Axiata respects the rights of data subjects and shall provide them with the opportunity and platform to exercise their rights. We have established processes for receiving, recording and responding to such requests.

Retention and Disposal

We will define and document retention periods for various categories of personal data in accordance with the stated purpose or as required by the law. We will ensure that personal data is retained as per the defined retention periods. Post expiry of the retention period, personal data shall be securely disposed or de-identified.

Define and document data retention periods and securely dispose personal data post expiry of the retention periods.

Privacy by Design

Privacy by Design is a methodology that enables Privacy to be built into the design and architecture of systems, products and processes.

Axiata has adopted Privacy by Design methodology to ensure that Data Privacy issues are considered at the design phase of any system, service, product or process and then throughout the personal data lifecycle.

We will conduct Data Protection Impact Assessments (DPIAs) to identify underlying Privacy risks in the high-risk personal data processing activities.

Privacy by Design methodology is to be adopted and Privacy must be incorporated from the initial design phase.

Data Privacy Impact Assessments shall be conducted to identify the underlying Privacy risks of the high-risk processes.
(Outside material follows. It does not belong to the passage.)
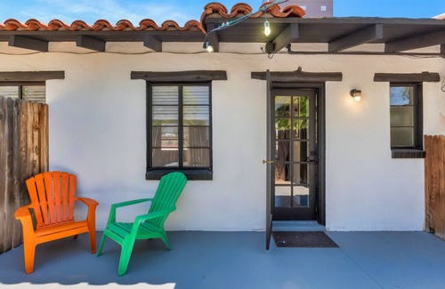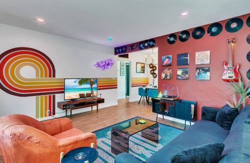 Welcome to Casa de Rock! Our 1-bed, 1-bath immerses you in classic rock n` roll vibes. Located in the heart of Tucson just minutes from major hospitals, The University of Arizona, and downtown, perfect for Tucson Gem Show enthusiasts. With a queen-size bed & a comfy queen-size couch bed, we can host up to 4 guests. Unplug, relax, & journey back in time surrounded by the most iconic rock legends of the 20th century. Welcome to your rockin` retreat!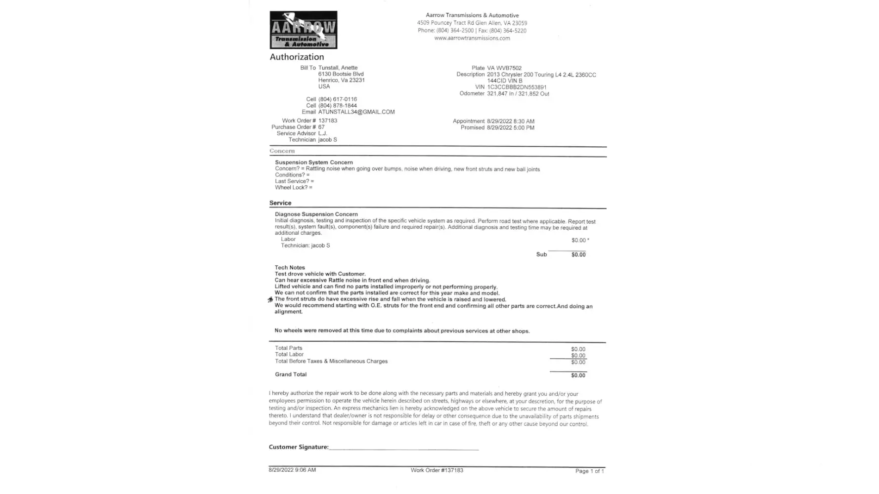 12/27/2021: Drove car to Hayley Chrysler and Jeep where as they indicated what Bill Talley automotive stated and they noted that the struts where off market struts (something they do not recommend for my car) I drove car to firestone complete auto care – 4401 Williamsburg Road, Richmond Va. 23231 where I confronted them about the off market parts they place on my vehicle without my knowledge. They stated that the part replaced has a life time warranty. I careless about a lifetime warranty. I want quality work and performance to which neither was given to me for the price I paid. Once they replaced the strut and conducted a before and after alignment, the tech tells me that they cannot do anymore alignment because of right front which will require a camber replacement (on the same side as the damaged/ replaced off market strut). It wasn’t damage when they did the service now it needs to be replaced and I cannot get another alignment until replaced. (But I’m supposed to have an alignment warranty with the repair done 10/4/2021).

Vendor Privacy Management and cross border data transfers

Axiata has established processes with respect to managing high-risk data processing vendors from a Data Privacy standpoint. The processes include the following activities:

Due Diligence Conduct due diligence on prospective high-risk vendor’s information security and Privacy posture prior to onboarding.
Data Processing Agreements Include adequate Privacy and information security clauses in all contractual agreements.
Periodic Vendor Assessment Conduct periodic assessment of existing high-risk vendors’ compliance with contractual and regulatory obligations.
DPIAs for Projects Conduct DPIAs prior to onboarding high-risk projects from existing vendors.

Key Vendor Privacy Management Activities:

  • Due Diligence
  • Contracts with adequate Privacy and Security clauses
  • Periodic Vendor Assessments
  • DPIAs to onboard new projects

We will assess the permissibility of Cross-Border Data Transfers in accordance with applicable Privacy laws. Further, the Company shall also ensure that necessary safeguards (such as Data Transfer Agreements) are in place to protect all the Cross-Border Data Transfers.

Privacy Incident and Data Breach Management

We have defined and implemented a process for reporting, assessing, resolving, communicating, escalating, notifying, and performing of any other actions required in the effective management of Privacy incidents and data breaches.

Security

We have implemented appropriate technical safeguards and organizational measures to maintain the confidentiality, integrity and availability of personal data.

Audit, Review and Reporting

Axiata will carry out periodic Privacy audits on our data processing environment to monitor its compliance against this Policy, Group Privacy standards and applicable Privacy laws.

Training and Awareness

Axiata mandates annual Data Privacy awareness trainings for our employees and contract staff. We will also raise awareness through knowledge sharing sessions, e-mailers, posters, Privacy campaigns and other such means.

Mandate Data Privacy Awareness trainings for all employees and contract staff.